Rosenthal’s team is mid-way though what he calls a “soft” alpha, with a beta due in early 2013. Early interest has been substantial, surging to the top of Hacker News during the summer. “We got a lot of questions and requests for the software. We’ve been scrambling to keep up with that.” Rosenthal told us.
Also, Rosenthal reckons, FoundationDB’s seeing search traffic on the start-up’s site reflect the fact people are looking for “ACID NoSQL” or “ACID key value store.”
“The issue for devs is pretty simple: NoSQL helps solve scaling problems, but throws another monkey on your back - writing code without the guarantees of transactions... If you can solve both problems, it's a real win,” he told us.
'We started reading the fine print on the [NoSQL] databases and none provide transactional integrity' - FoundationDB co-founder Dave Rosenthal
The problem comes back to CAP theorem, articulated by University of California Berkeley professor Eric Brewer, which states it’s impossible for distributed computer system to simultaneously achieve consistency for data on all nodes, to provide availability of either data or a request regardless of a failure in the system, and partition tolerance – the ability to continue working should a part of the system break down.

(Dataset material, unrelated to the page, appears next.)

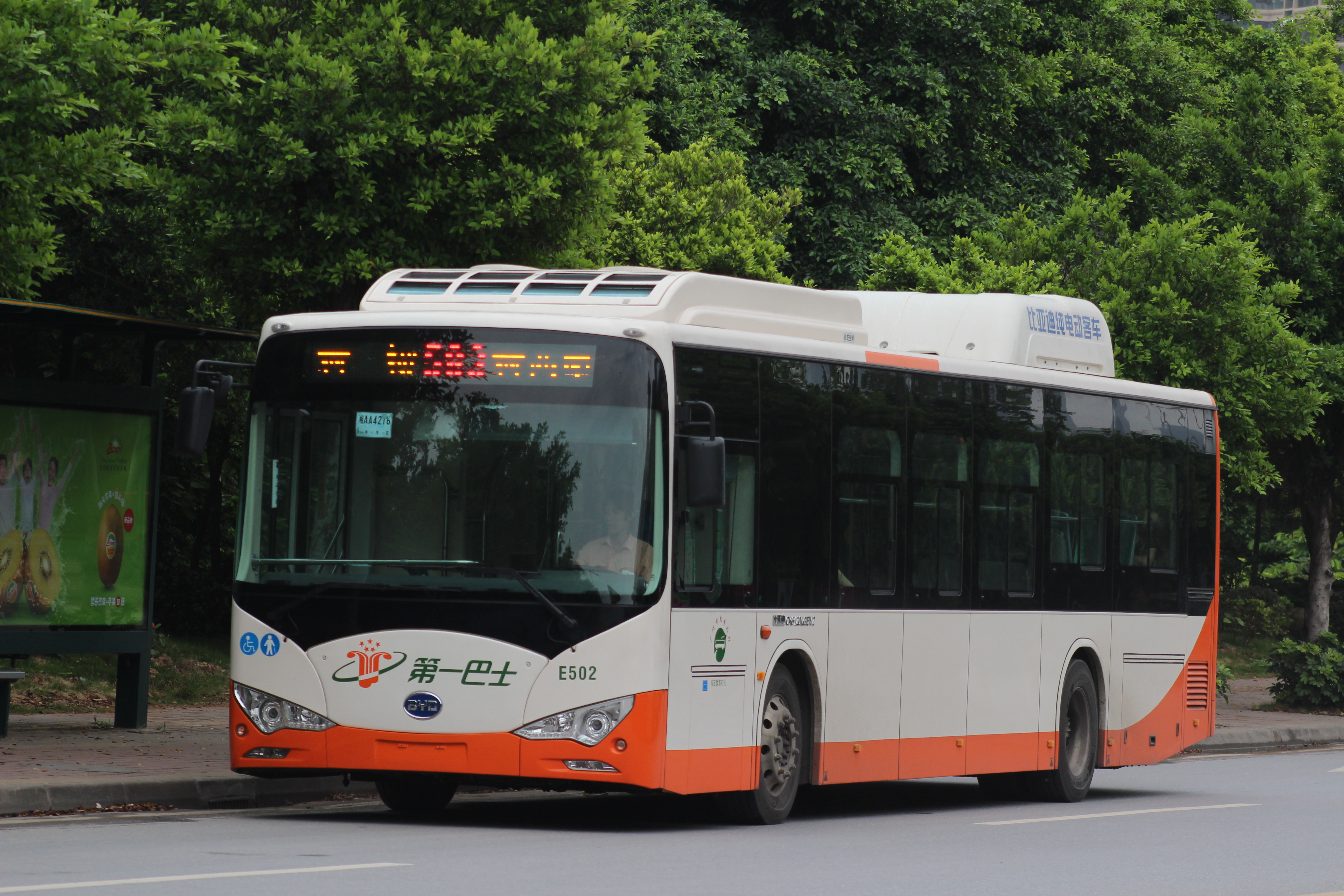 BYD K9A Bus is running Guangzhou Trolley Bus Line 583

It’s the consistency part that puts the “C” in ACID – atomicity, consistency, isolation and durability. ACID is is a fundamental principle of relational databases that has helped make them a multi-billion-dollar mainstay of computing.
CAP theorem clearly poses a theoretical problem for cloud computing, where services are being founded on massively distributed servers for their compute and storage.
Hence, we’ve seen a proliferation of NoSQL for use in large, distributed data centres that have jettisoned ACID to achieve scale - column store Cassandra from Facebook and Google’s BigTable, document stores MongoDB, and CouchDB.
But recently there’s been a dawning recognition among NoSQL practitioners and those working in Big Data that the fast-iterating data they process needs to be demonstrably reliable, too. The result has been NoSQL databases adding more relational functionality to their software.
Indicative of the growing interest is Spanner from Google, the poster child of web-scale and distribute computing that helped popularise Big Data with MapReduce. Spanner is Google technology that can dictate where data is stored in a distributed cluster - and then time-stamps it so an application knows which version is current.
FoundationDB is Rosenthal’s second tech venture – he was employee-number-one at web-analytics company Visual Sciences that was sold for $60m to WebSideStory. It’s now part of Adobe's online marketing and web analytics unit Omniture.
Rosenthal said he believes FoundationDB is the next generation of the database market. He says he decided to apply himself, and hire a team, dedicated to solving an obvious problem.
Read the fine print
“Several years ago we looked at the market – the NoSQL database market,” he says. “The attributes are attractive - we are not relational fans here, we are more software engineers than DBAs, so that resonated with us. Also the price, and scale, to deploy on the cloud resonated with us.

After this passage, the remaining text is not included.